(MATERIAL SHOWN)
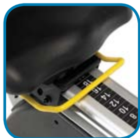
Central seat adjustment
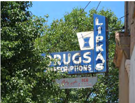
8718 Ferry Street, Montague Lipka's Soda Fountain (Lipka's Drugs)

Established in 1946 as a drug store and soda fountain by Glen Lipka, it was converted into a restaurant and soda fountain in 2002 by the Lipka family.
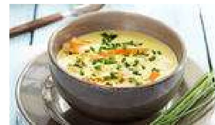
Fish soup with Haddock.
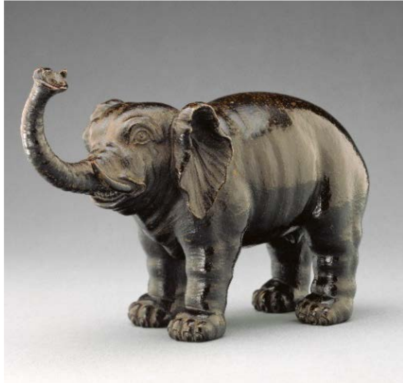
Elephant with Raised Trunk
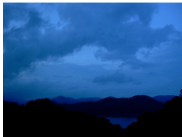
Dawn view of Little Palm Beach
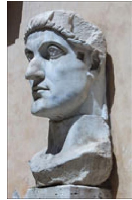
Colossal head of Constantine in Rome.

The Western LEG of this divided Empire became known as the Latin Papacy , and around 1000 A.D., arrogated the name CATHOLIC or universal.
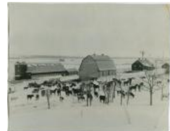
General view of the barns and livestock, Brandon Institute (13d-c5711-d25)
(End MATERIAL SHOWN)
(MATERIAL SHOWN)
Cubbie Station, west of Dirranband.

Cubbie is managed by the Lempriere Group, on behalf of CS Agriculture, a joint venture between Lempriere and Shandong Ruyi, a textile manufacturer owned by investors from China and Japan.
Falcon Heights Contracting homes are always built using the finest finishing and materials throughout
(End MATERIAL SHOWN)
- _INSTRUCTIONS FOR THE TASK_
If a line in the data holds the word "view", count it, then state the total alone.

- _EXERCISE RESULT_
2